Some had done that. Ryan had seen the corpses, half the bone of the head missing, the corroded ten-gauges still between the clenched jaws.
There was one saloon wagon in a side street, its tires long rotted, stripped down to metal by years of high winds, blasted by sand. The glass remained, though its surface had been hazed until it was opaque. A branch off a nearby lime tree had fallen over the hood. Krysty moved it, revealing two stickers, peeling off the chrome fenders.
One said, “I brake for children and animals and patriotic Americans.” The second one said simply “Happiness is the biggest L.R. Missile.”
Doc shook his head, saying nothing.
AROUND NOON they found a street showing a full row of shops. Ryan couldn’t get over the amazing sight. He’d seen old vids, flix and pix in mags. This was small-town U.S.A., standing there in front of his eyes. All that was missing was folks.
Some of the windows were broken, and there was clear evidence of looting. Also, the streets here were free of bones. As they stepped along, keeping to one side, Ryan glanced in at the storefronts.
Names clicked by, some registering, some not. Some of them had sold products he’d heard of. Some of them were obscure and incomprehensible.
What was Alice’s Tofu Joint? What was tofu? Some kind of food, he guessed, from a placard as faded as a Brady daguerreotype.

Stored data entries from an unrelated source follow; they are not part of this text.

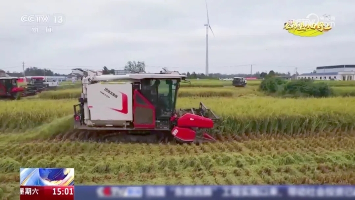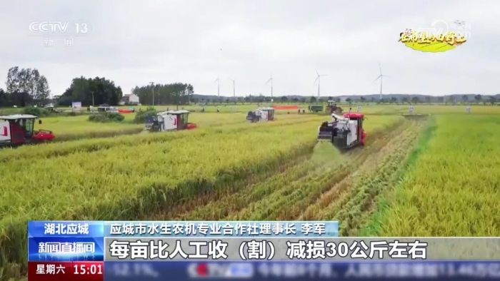 9月20日,中央電視臺新聞?lì)l道《新聞直播間》“在希望的田野上”欄目將鏡頭對準(zhǔn)湖北應(yīng)城,報(bào)道了八臺徐工XR720履帶式谷物聯(lián)合收獲機(jī)在當(dāng)?shù)亻_展大規(guī)模糯稻收割的豐收盛景——履帶滾滾,金黃的稻穗迅速被吞入機(jī)器,頃刻間完成收割、脫粒、清選等一系列作業(yè),顆顆飽滿的籽粒穩(wěn)穩(wěn)落入糧倉。
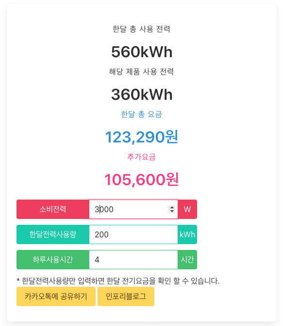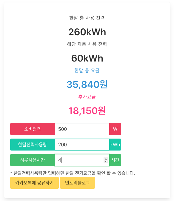 이부분은 인포리가 만든 전기계산기를 이용하면 쉽게 확인 할 수 있다.
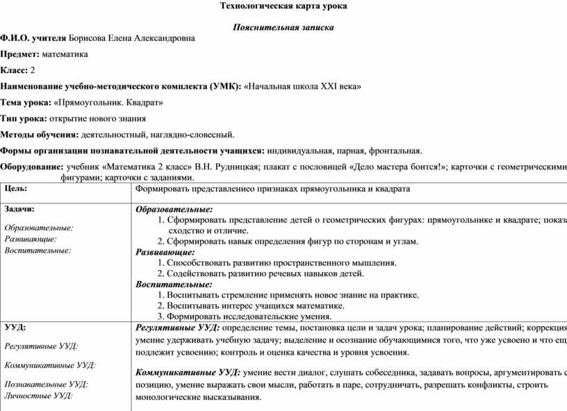 Технологическая карта урока
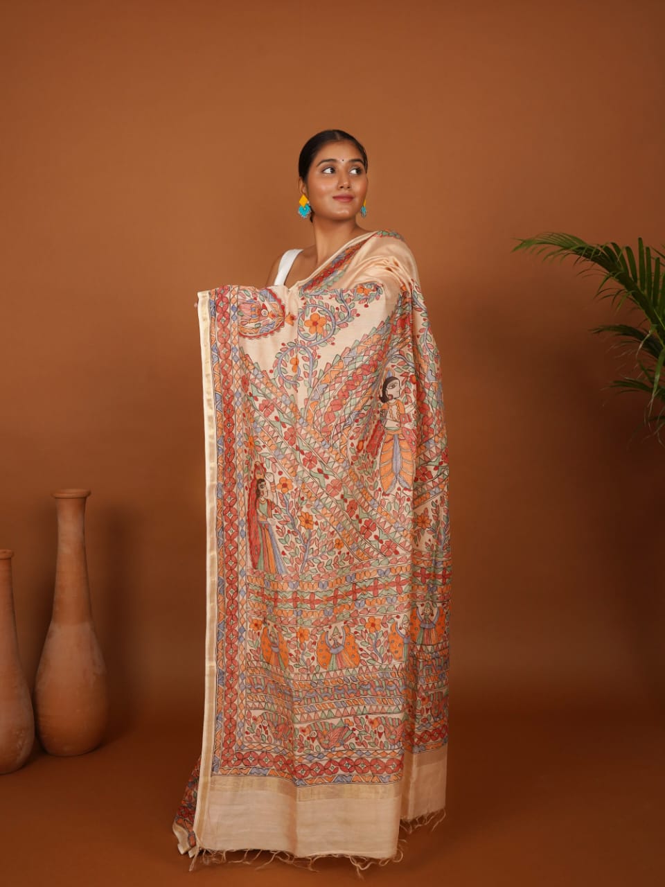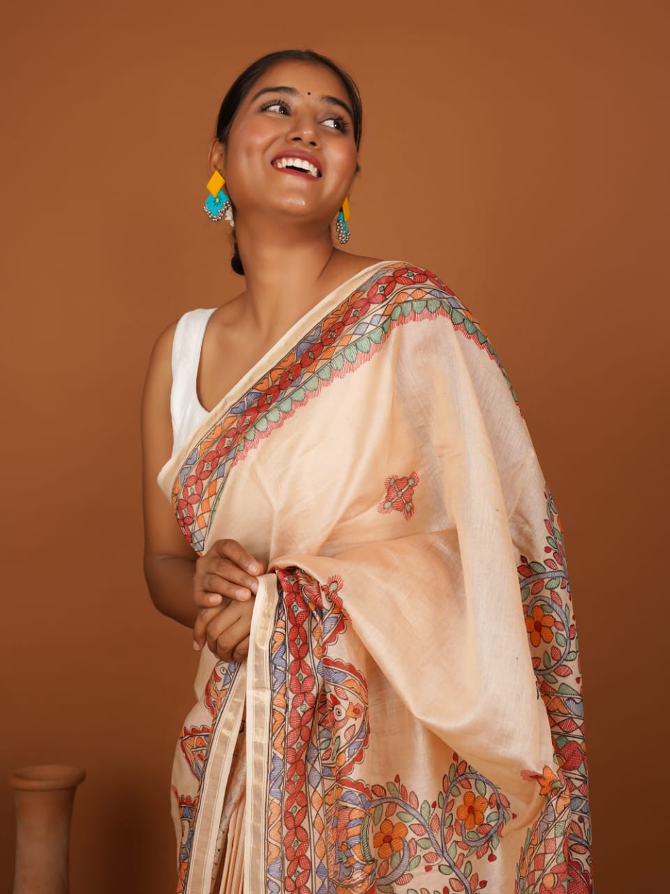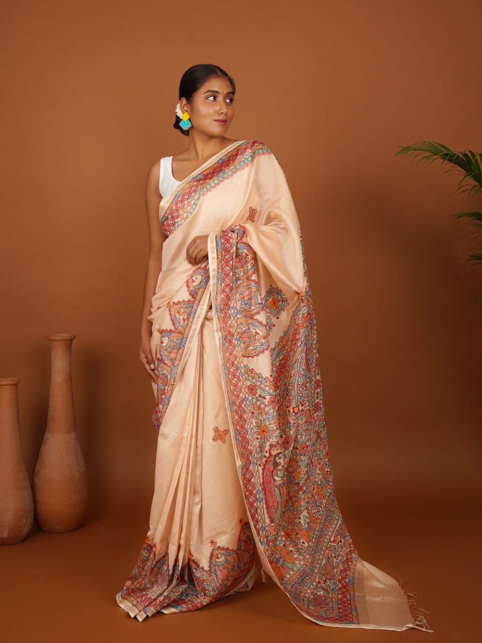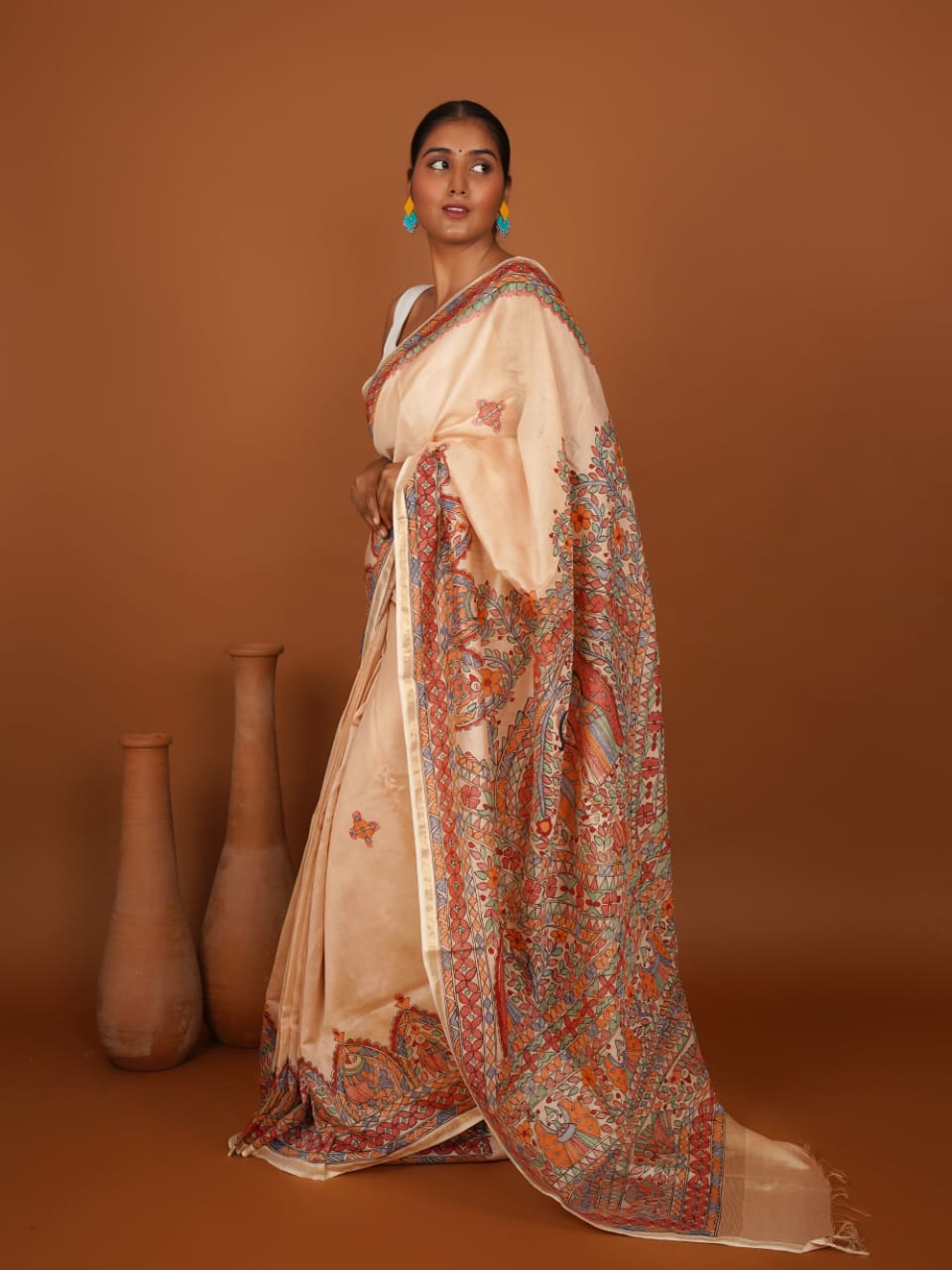 Shaadi Rang Saree – Peach Madhubani Painting Chanderi Cotton with Wedding Dance Aanchal and Bird Border
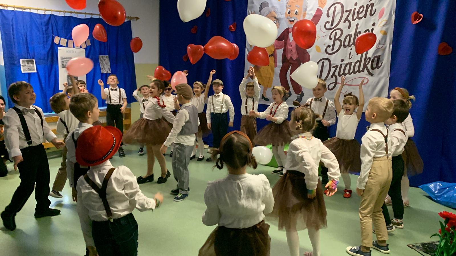 Po występach dzieci zaprosiły swoich ukochanych Dziadków do wspólnych zabaw – pełnych radości, bliskości i uśmiechu. Śmiech niósł się po całym przedszkolu.
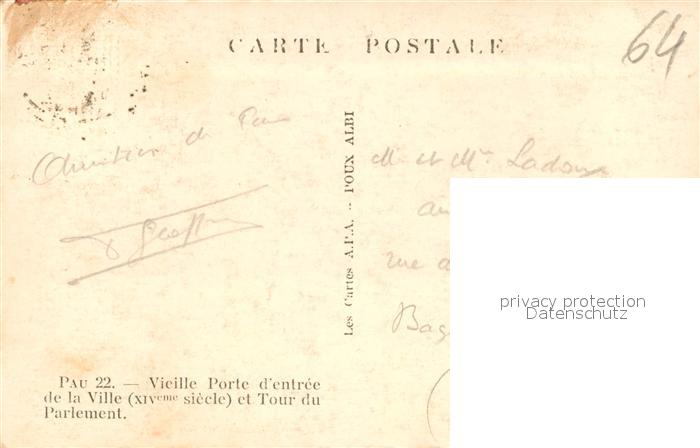 13575080 carte postale Pau 64 Vieille Porte d’entree de la Ville et Tour du Parlement postalisch gelaufen Erhaltung siehe scans [WerneD78] KatCode: 11170064364445
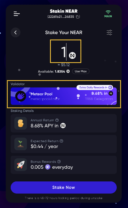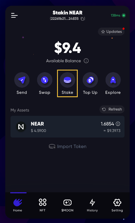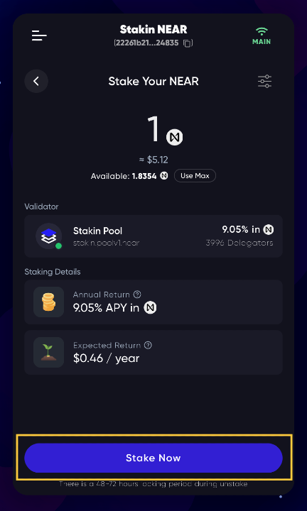 After topping up your wallet, you can proceed with Stakin your NEAR tokens.
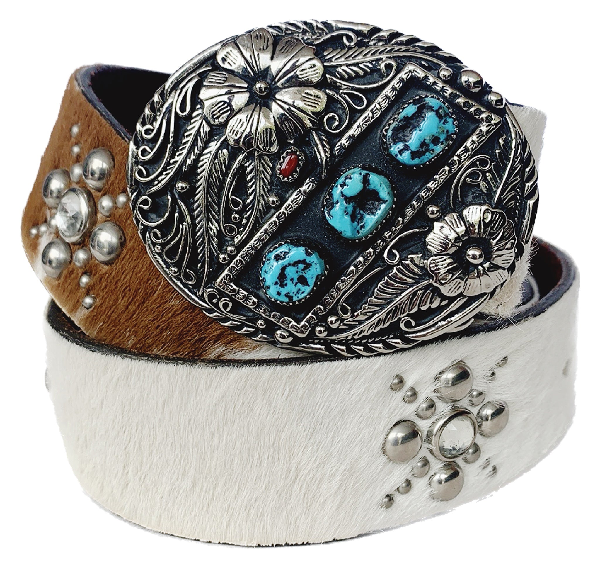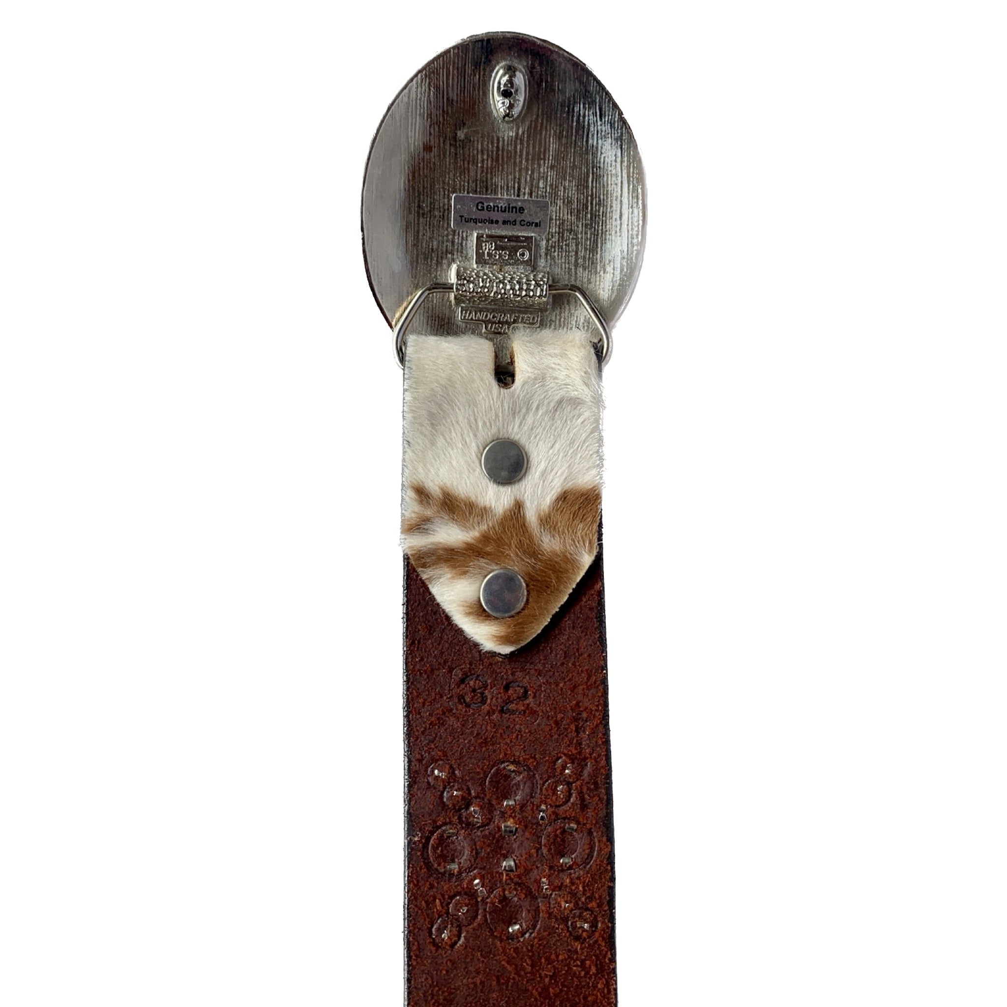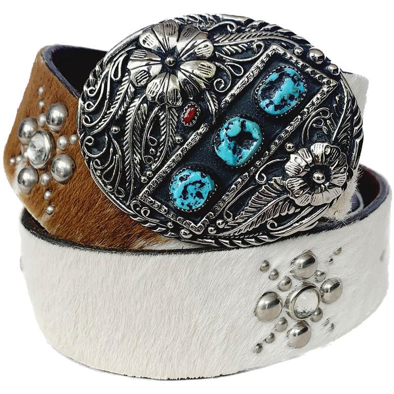 JO-ED Hair On Pony Western Belt, Handcrafted USA Silver Turquoise Coral Floral Buckle Set
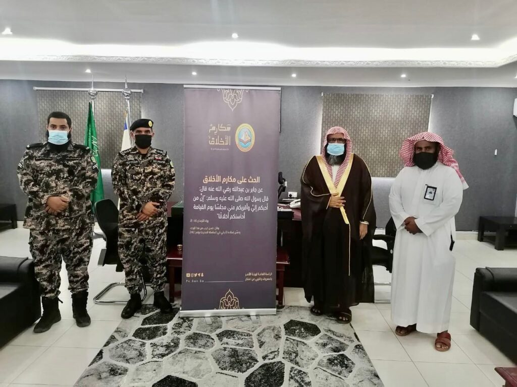 واستمع سعادته لشرح عن الحملة وأهدافها من فضيلة رئيس هيئة الأمر بالمعروف والنهي عن المنكر بمحافظة بقيق الشيخ حمد بن محمد المري ، والتي تشتمل على العديد من البرامج التوعوية التي تُعنى بالتوعية بأهمية مكارم الأخلاق الحسنة ، والتحذير من الأخلاق السيئة .
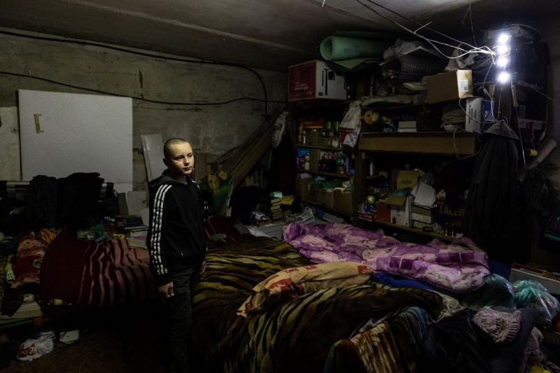 "Bonjour, je suis Gleb". Au fond d'une cave aménagée où vivent depuis huit mois une vingtaine de personnes, un adolescent de 14 ans au visage sérieux de petit homme, cheveux ras et anneau à l'oreille, tend une main ferme aux visiteurs. Il est le seul mineur, tous les autres enfants sont partis.
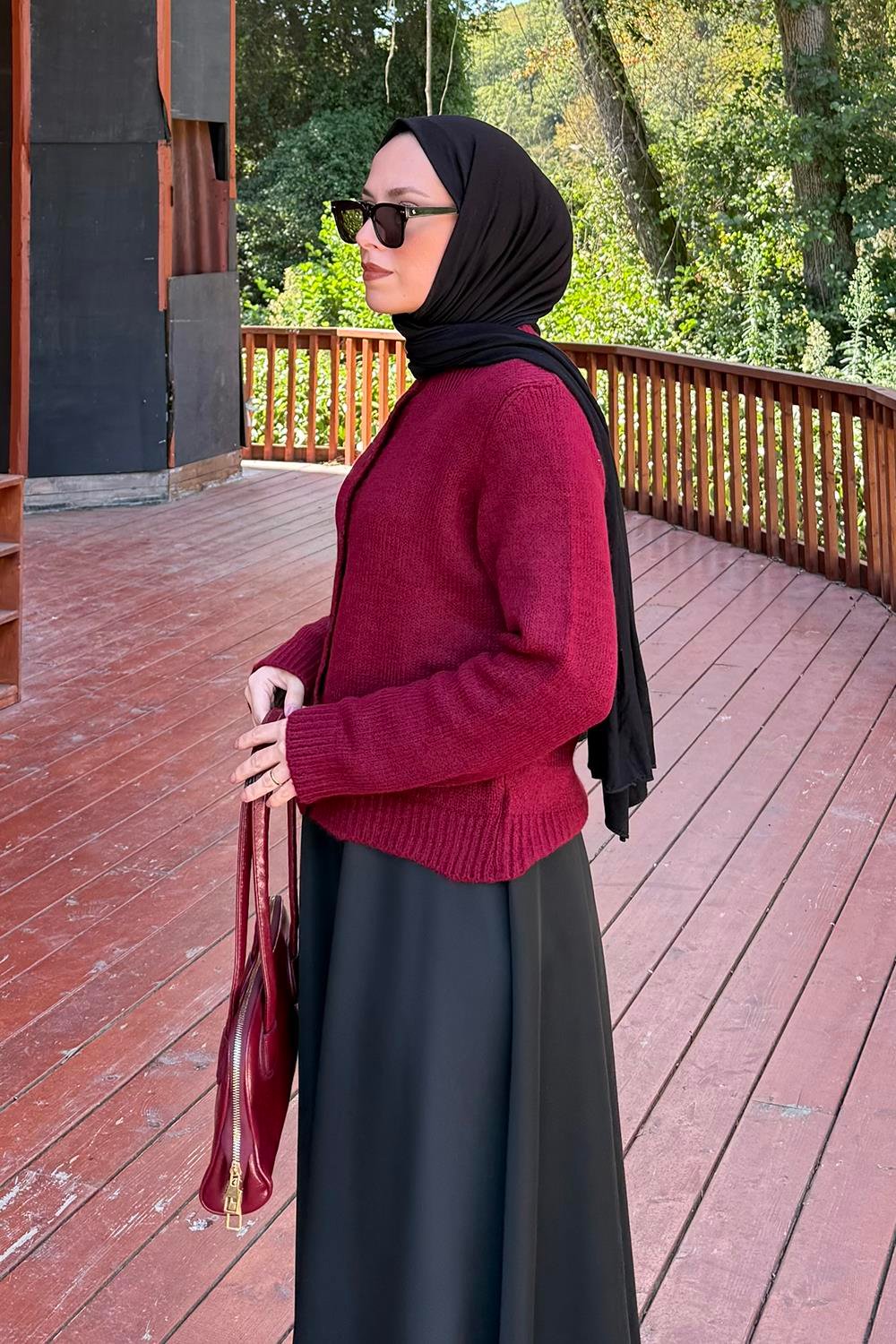 Bisiklet Yaka Kısa Hırka Bordo (MX6951)
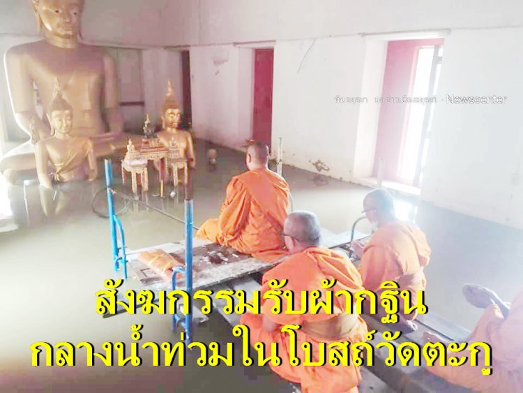 พระนครศรีอยุธยา-น้ำท่วม ไม่สามารถกั้นความศรัทธาได้ บุญกฐินวัดตะกู ได้ยอด 1,230,000 บาท ขณะที่พระสงฆ์ได้ตั้งนั่งร้าน กลางโบสถ์ที่ถูกน้ำท่วม ประกอบพิธีสังฆกรรมรับผ้ากฐินประจำปี 64
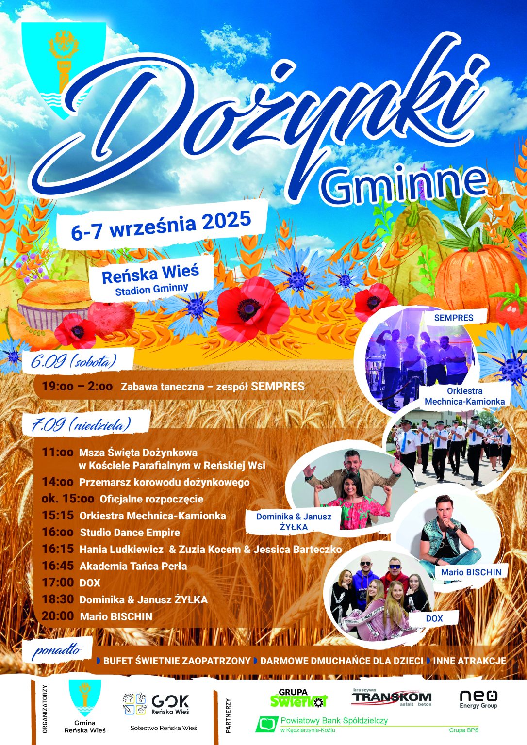W niedzielę 7 września uroczystości rozpoczną się Mszą Świętą Dożynkową o godzinie 11:00 w Kościele Parafialnym w Reńskiej Wsi, po czym o 14:00 nastąpi przemarsz korowodu dożynkowego na stadion. Oficjalne rozpoczęcie imprezy przewidziano około godziny 15:00, a następnie publiczność będzie mogła podziwiać występy artystyczne: Orkiestrę Mechnica-Kamionka, Studio Dance Empire, Dominikę i Janusza Żyłków, Hanię Ludkiewicz, Zuzię Kocem i Jessicę Barteczko, Akademię Tańca Perła oraz zespół DOX. Wieczór zakończy koncert Mario Bischina o godzinie 20:00.
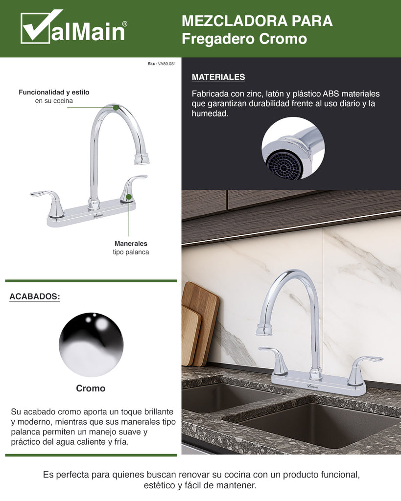 La mezcladora de Valmain combina materiales resistentes con un diseño elegante y versátil, ideal para cualquier tipo de cocina. Su construcción en ABS, zinc y latón ofrece un equilibrio entre ligereza y durabilidad, mientras que su acabado cromo brillante le da un toque moderno y fácil de combinar. Sus manerales curvos aportan comodidad y estilo al uso diario.

Pick’n Mix. Garry’s Auto-Tuner best muffler service in West Lowellton. Ynez Lobos, Realtor . Ryan didn’t know what a realtor was, but he figured it was someone who looked after other people’s houses for a fee.
“This is fucking way-weird,” said Finnegan, spitting at a red hydrant in the street,
Tien amp; Quarter. Circuit City, West Lowellton Estate Protection. German shepherds, man-killers. Armed patrols around the clock and back again. Save your loved ones and your possessions. Let us do the killing for you.
“Sounds like the Deathlaads now,” said J.B.
Guns. Guns. Guns. Guns . The storefront shouted the word again and again. The Armorer paused, wiping at the glass. In sticky gold letters, some of which were missing, the name of the ex-owner from the year 2001 declaimed itself.
Angus R. Wells. A native of Louisiana from birth. Carry arms it’s your right .
“Empty,” said J.B. disappointedly. “Not a blaster left in the place.”
“Guess the Cajuns must have taken ’em,” Ryan said, stepping around a dead snake that must have been close to fifty feet in length when alive.